Similar to meat, eggs can also harbor dangerous bacteria if not cooked thoroughly.

“Raw eggs can contain Salmonella, especially if they’re not pasteurized.”

6. Sprouts

Even healthy foods like sprouts are not without their risks.

“Sprouts can carry E. coli or Salmonella,” according to the CDC.

7. Deli Meats

Deli meats might seem safe, but the CDC says otherwise.

“Deli meats, including hot dogs, can become contaminated after processing with Listeria.”

8. Uncooked Flour

Even flour isn’t safe from potential contamination.

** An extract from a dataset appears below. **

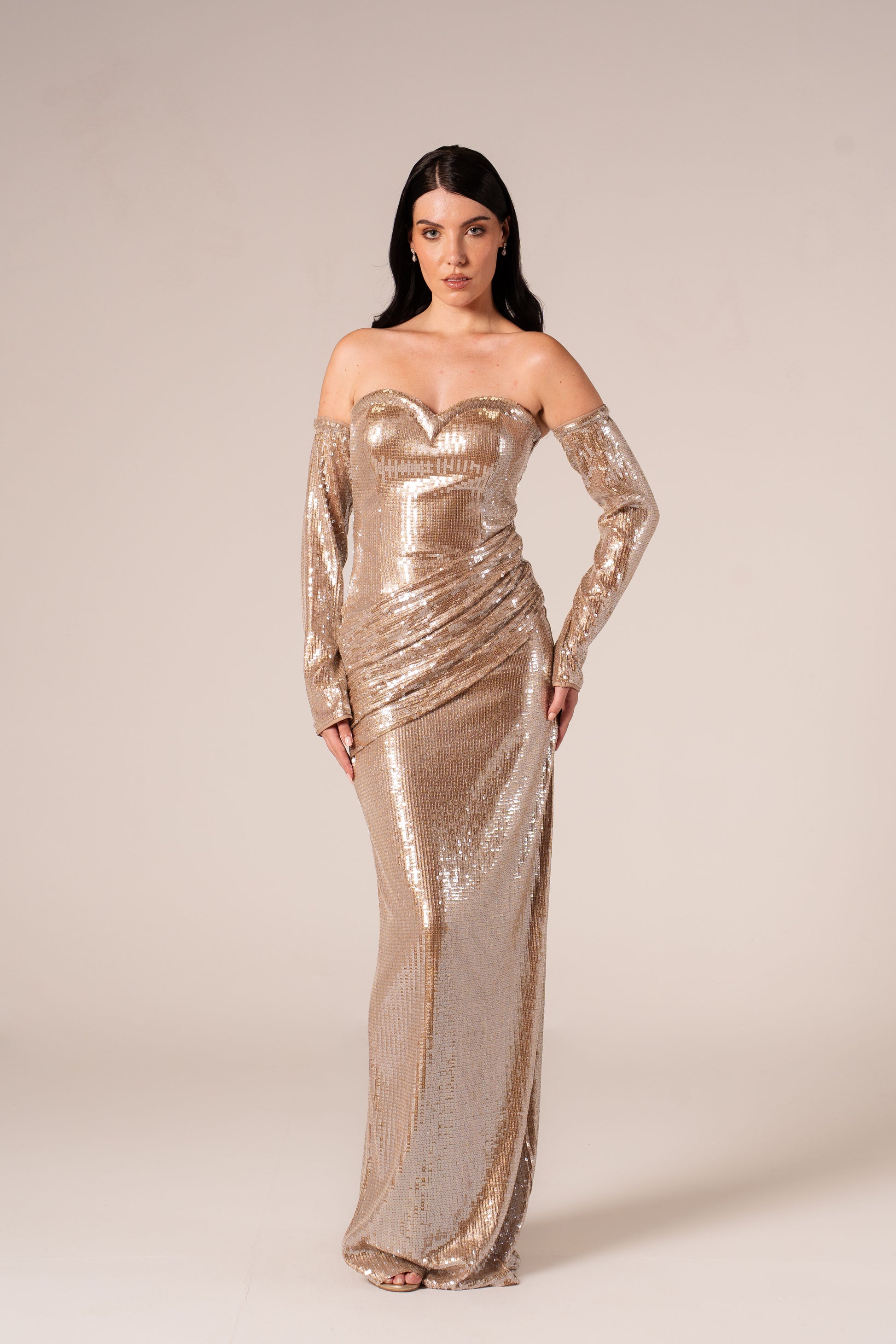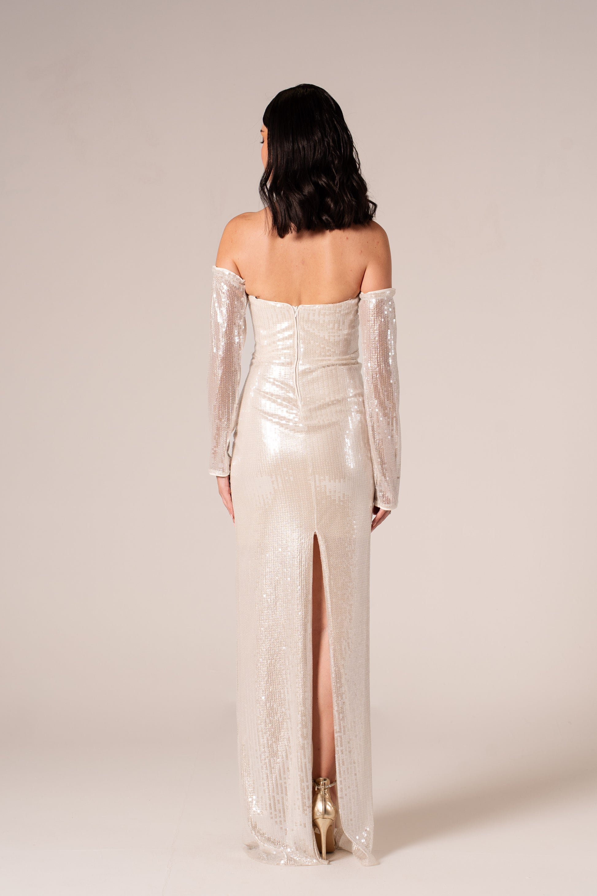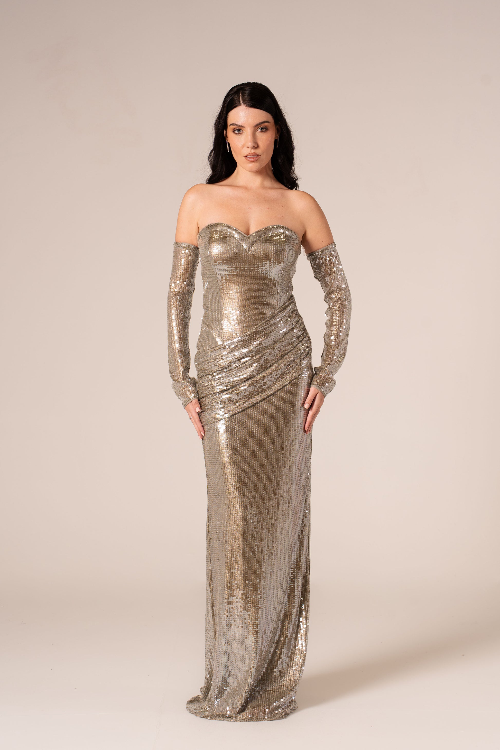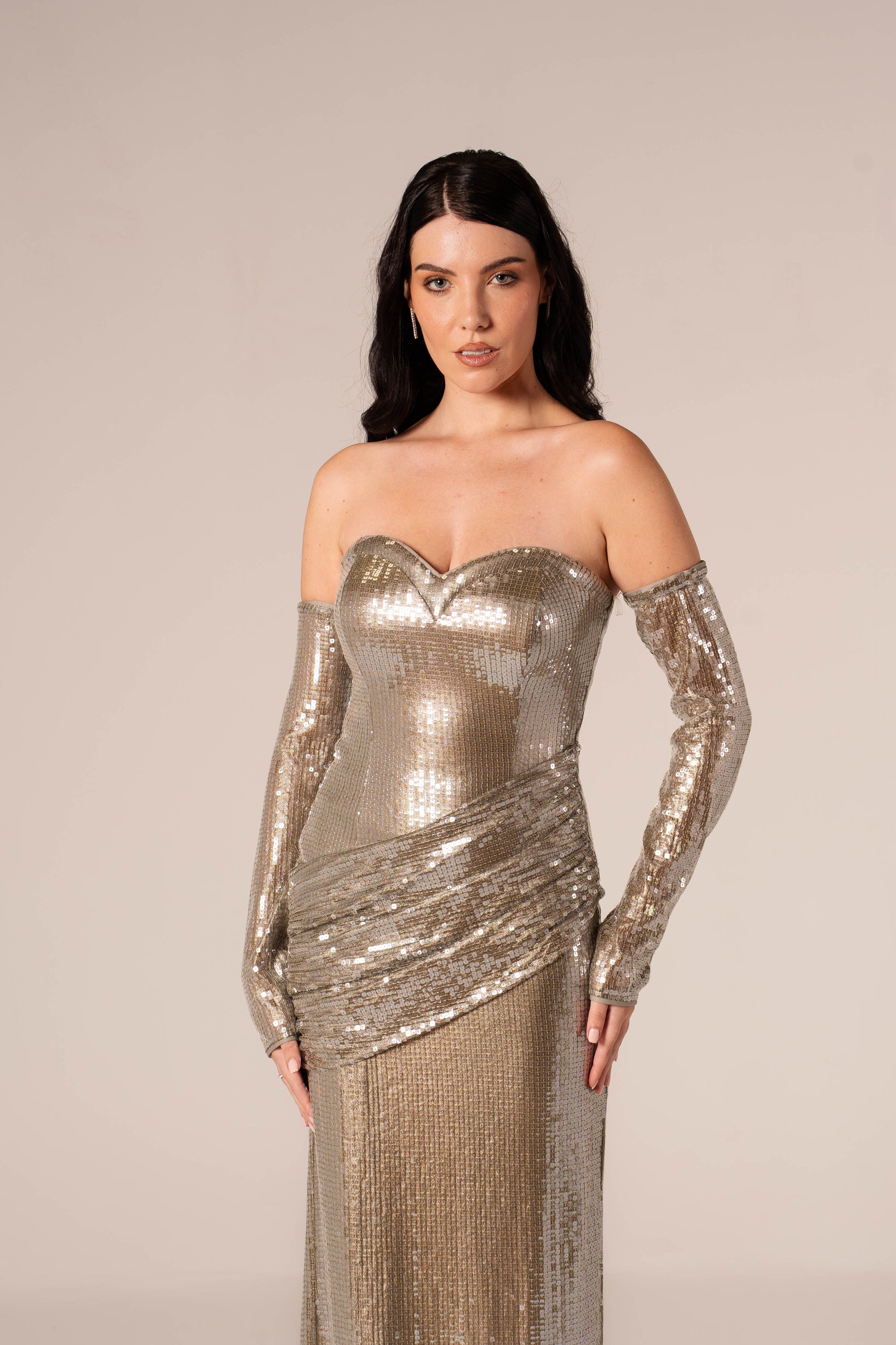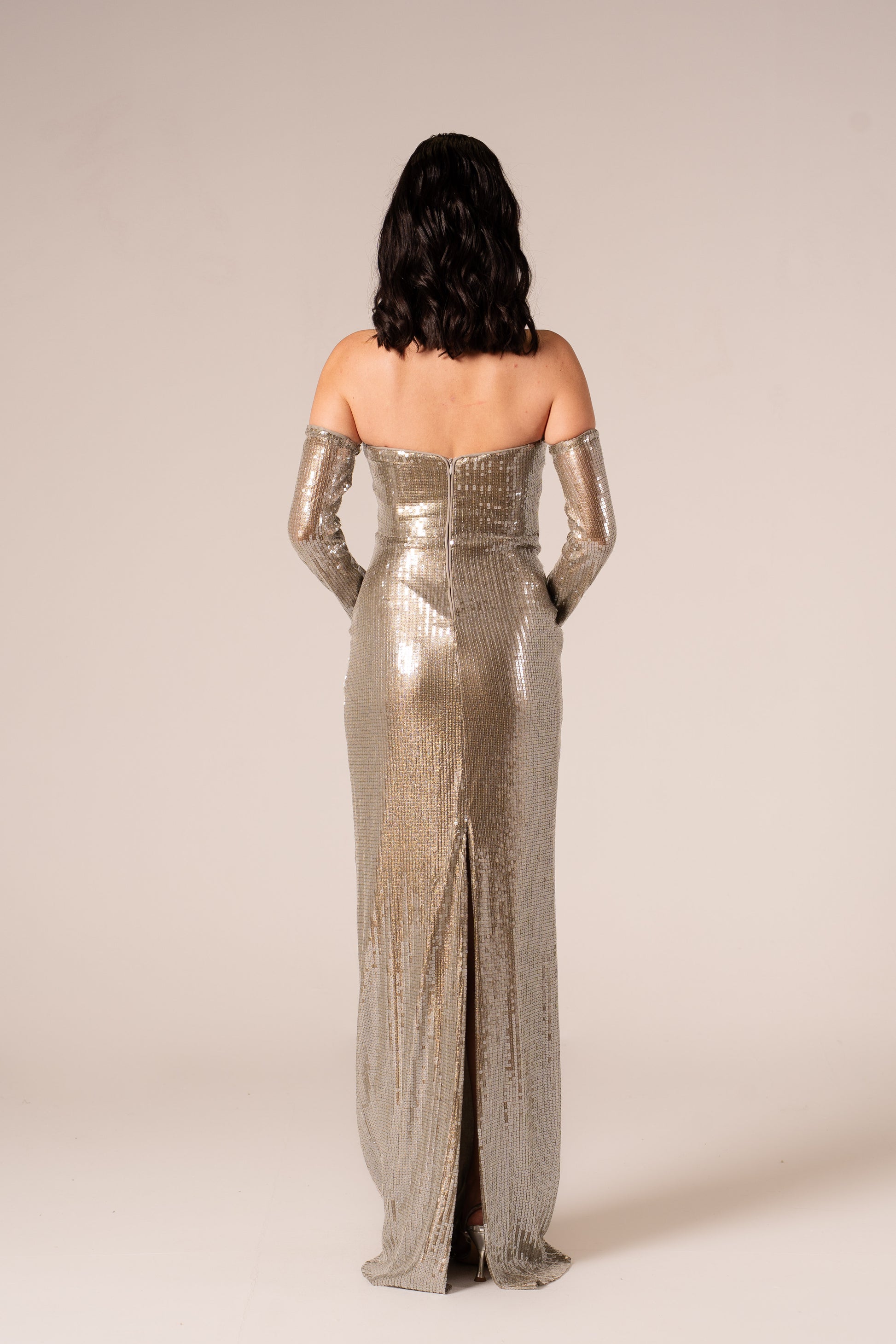 Quintina is the ultimate statement piece for unforgettable evenings. This strapless maxi dress combines timeless elegance with modern sophistication, featuring a sleek silhouette that flatters every figure. The separated sleeves add an unexpected touch of drama and movement, while the high slit creates an alluring glimpse of leg with every step. Perfect for galas, weddings, or any occasion where you want to command attention, this dress transforms you into the most captivating person in the room. Embrace your confidence and let Quintina do the talking.

“Flour is typically a raw product and can contain bacteria that cause disease,” the CDC warns.

Embracing your golden years means making conscious choices about what you eat. By avoiding these eight foods that have been identified by the CDC as the most likely to cause food poisoning, you’re taking an important step towards safeguarding your health. Remember, when it comes to food, it is always better to be safe than sorry. Don’t let a potential risk of food poisoning disrupt your lively, healthy, and happy lifestyle.